Fraud management is an essential part of issuing cards. As the card transaction is being authorised (checked against the account balance), a simultaneous fraud check is undertaken to protect against fraud. These are described in Authorisation above.
If fraud is suspected the transaction will not be authorised, and the fraud management team contacts the customer by telephone or SMS message to verify that they have the card and were undertaking the transaction.
They operate 24/7/365 days a year, and to ensure business continuity in the event of an incident that prevents the main fraud management centre from functioning they have dual operational sites in a different region of the country, or even in a different country.
Customers can lose their card, or they can be stolen. Chip and PIN and EMV 3D Secure make it more difficult to use a stolen card that has been reported, but there remains a risk for contactless transactions until the internal transaction counters force a PIN to be used.
Issuing banks provide 24/7/365 telephone services or via their mobile app to report lost and stolen cards and any fraudulent transactions that occur. Reporting the card lost or stolen also triggers a replacement card to be produced and dispatched as soon as possible.
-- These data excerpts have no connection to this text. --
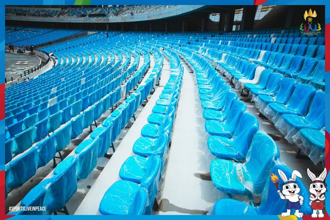 តាមការចង្អុលបង្ហាញដ៏ខ្ពង់ខ្ពស់ពីសម្តេចពិជ័យសេនា ទៀ បាញ់ ឧបនាយករដ្ឋមន្ត្រី រដ្ឋមន្ត្រីក្រសួងការពារជាតិ និងជាប្រធាន CAMSOC និងឯកឧត្តមបណ្ឌិត ថោង ខុន អនុប្រធានអចិន្ត្រយ៍ CAMSOC នៅពេលនេះឯកឧត្តម បានចុះពិនិត្យមើលវឌ្ឍនភាពការងារកីឡដ្ឋានធំជាជំនួយឥតសំណងរបស់សាធារណរដ្ឋប្រជាមានិតចិន ដែលជាចំណងដៃដ៏ពិសិដ្ឋជូនចំពោះសម្តេចតេជោនាយករដ្ឋមន្ត្រី ដែលធ្វើសមិទ្ធផលនេះលេចចេញជារូបរាងហើយ។ តាមការវាយតម្លៃចុងក្រោយ សំណង់នេះសម្រេចបាន៩៥% ហើយនៅសល់តែ៥%ទេ ដែលកំពុងកែលម្អ រចនា សម្អាតប៉ុណ្ណោះ។ កីឡដ្ឋានធំនេះមានកៅអីអង្គុយចំណុះ៦ម៉ឺននាក់ ក្នុងនោះការបំពាក់កៅអីសម្រេចបាន ២២០០០ហើយ ហើយនៅនៅសប្តាហ៍ទី១ ឬសប្តាហ៍ទី២នៃខែឧសភា ឆ្នាំ២០២១នឹងសម្រេចបាន១០០%នៃកៅអីសរុបចំនួន៦ម៉ឺននេះ។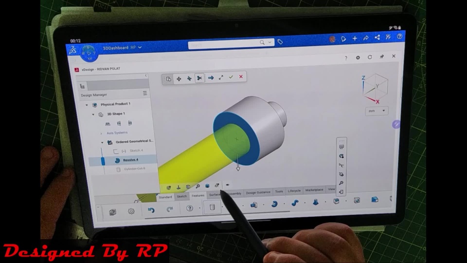 In the video, I made a simple design using both the drawing commands I am familiar with from SolidWorks and the shapes in the xDesign program. My aim is to get used to designing with a tablet and to share more advanced designs and assemblies with you after getting used to it.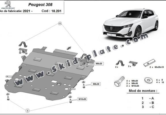 The skid plate is new and fits perfectly for all versions of Peugeot 308 manufactured between 2018 and 2026.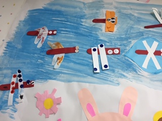 にじみ絵では、色の理解や色彩感覚が養うことができ、はさみでは、手先の技巧性や、切ったものを重ねて貼ることで空間を把握する力を養うことができます☆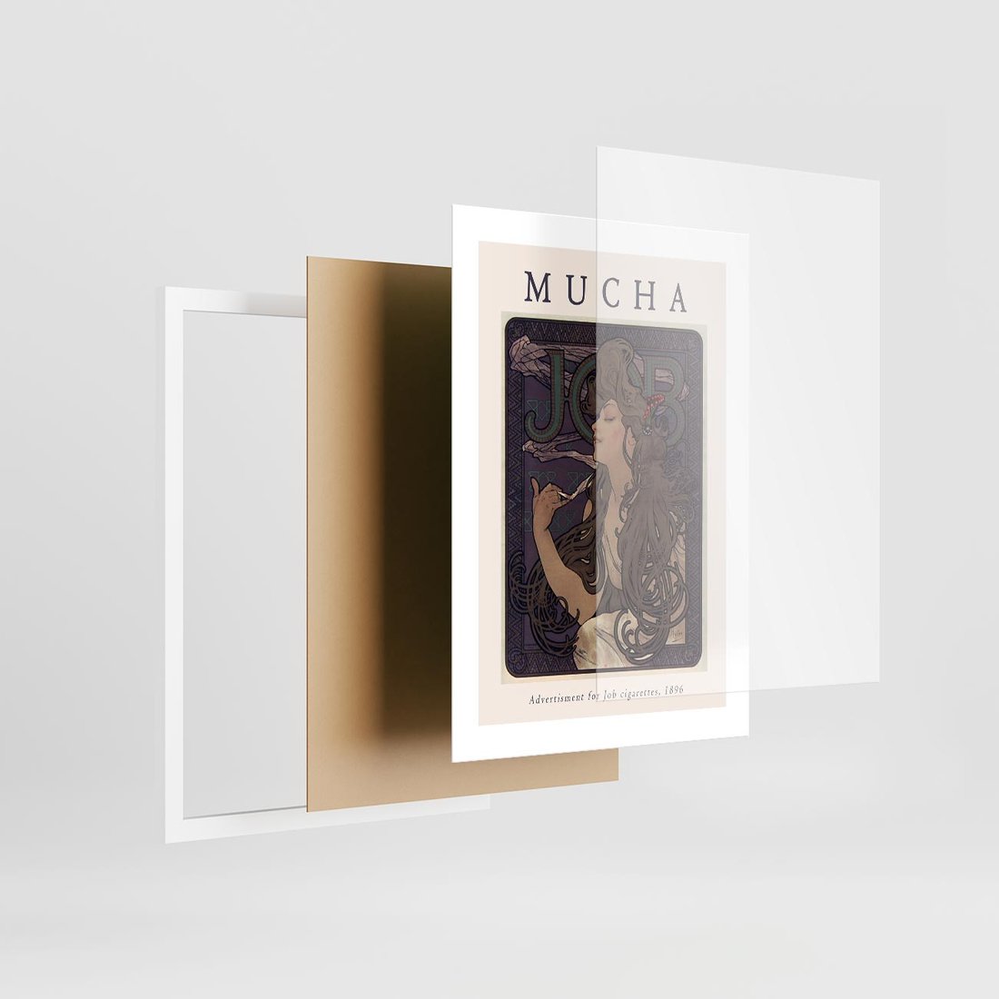 Obraz przedstawia plakat z reprodukcją dzieła A. Muchy. Ta stylizowana i artystyczna kompozycja może doskonale uzupełniać różne wnętrza, dodając im charakteru i oryginalności.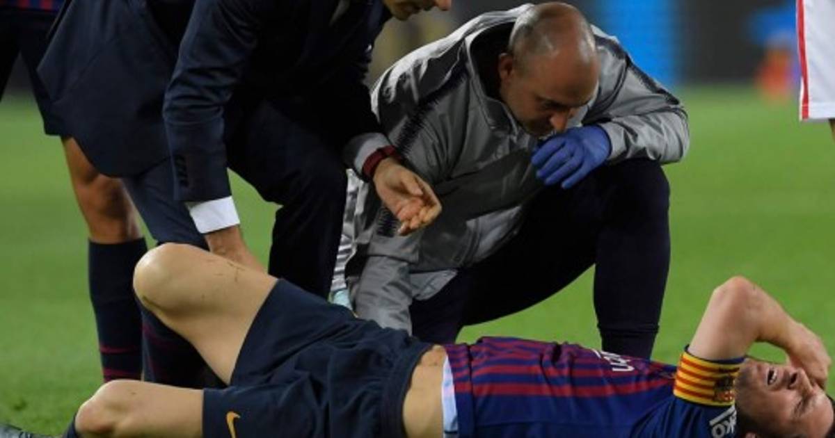 Messi tuvo que retirarse del campo tras un encontronazo con su compatriota del Sevilla Franco 'Mudo' Vázquez, al caer en mala posición sobre su brazo derecho en el minuto 17, tras lo cual se agarró esa extremidad, mientras se retorcía de dolor en el césped.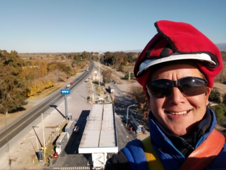 “Es un trabajo apasionante, pero también muy profesional. Yo siempre digo que cualquiera podría subirse a una torre. El tema es desempeñarse arriba, trabajar con equipos, moverse en las alturas, darse vuelta, porque a veces subís equipos pesados y hay que saber utilizarlos. Hay que estar un poco loco porque tu vida pende de un cinto, saber engancharse, porque si no, ante cualquier mareo o resbalón, no la contás. Es complicado. Hay que ser muy profesional”, dice y se pone serio al momento de hablar del tema.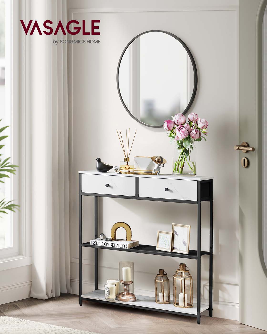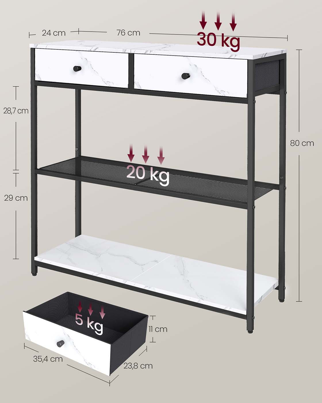 Smalle consoletafel met twee stoffen lades 24 x 76 x 80 cm - LNT092W01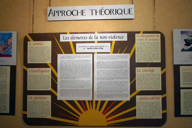 Deux panneaux (non photographiés) apportent schémas et explications détaillées sur l’attitude non-violente. Leurs titres sont :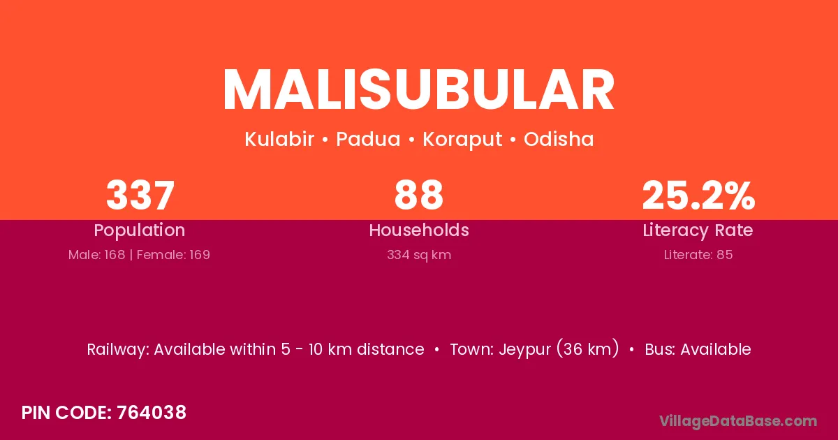 Jeypur (36 km) is the nearest town to Malisubular village for major economic activities and is located approximately 36 km away.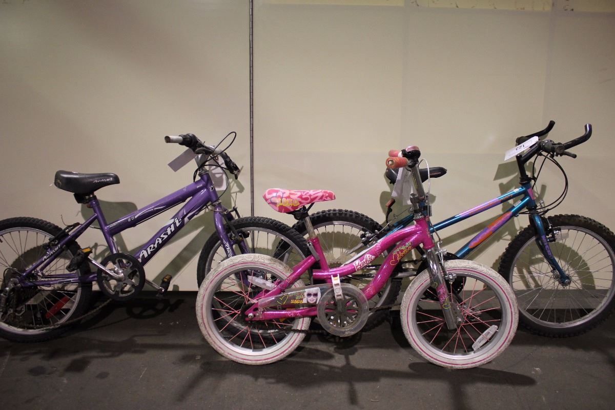 3 BIKES: KIDS PURPLE ARASHI MOUNTAIN BIKE, KIDS PINK BARBIE BIKE & KIDS GREEN NORCO MOUNTAIN BIKE

Card scheme rules allow customers to dispute transactions within time limits if there is a problem with the goods that were the subject of the transaction.
This is the process where a customer disputes a transaction with a merchant because the goods delivered were faulty, not as described, or were not delivered.
The customer will request their bank to dispute the transaction with the merchant, providing details of the transaction including receipts, and if it isn’t resolved, it may cause the reversal of the transaction.
This requires the customer to authenticate that they have the card when undertaking online transactions, such as shopping at an online store. To prevent fraud, the customer’s bank (issuing bank) will request their customer to confirm that the transaction is valid by sending an SMS text message with a code that they must input to the pop-up screen that is part of the payment process or via their mobile app that requests confirmation using biometrics, such as fingerprint or face recognition.
Because the security check interrupts the buying process, and can lead to cart abandonment, merchants feared they would lose sales. However, the EMV scheme encourages issuing banks to use data and machine learning only to request authentication where necessary.
EMV 3D Secure includes additional information about the transaction, such as merchant location, delivery address and frequency of the customer using that merchant. This enables many banks to use machine learning to reduce the number of requests for authentication by understanding their customer’s buying patterns, their trusted merchants, and the risks associated with different websites.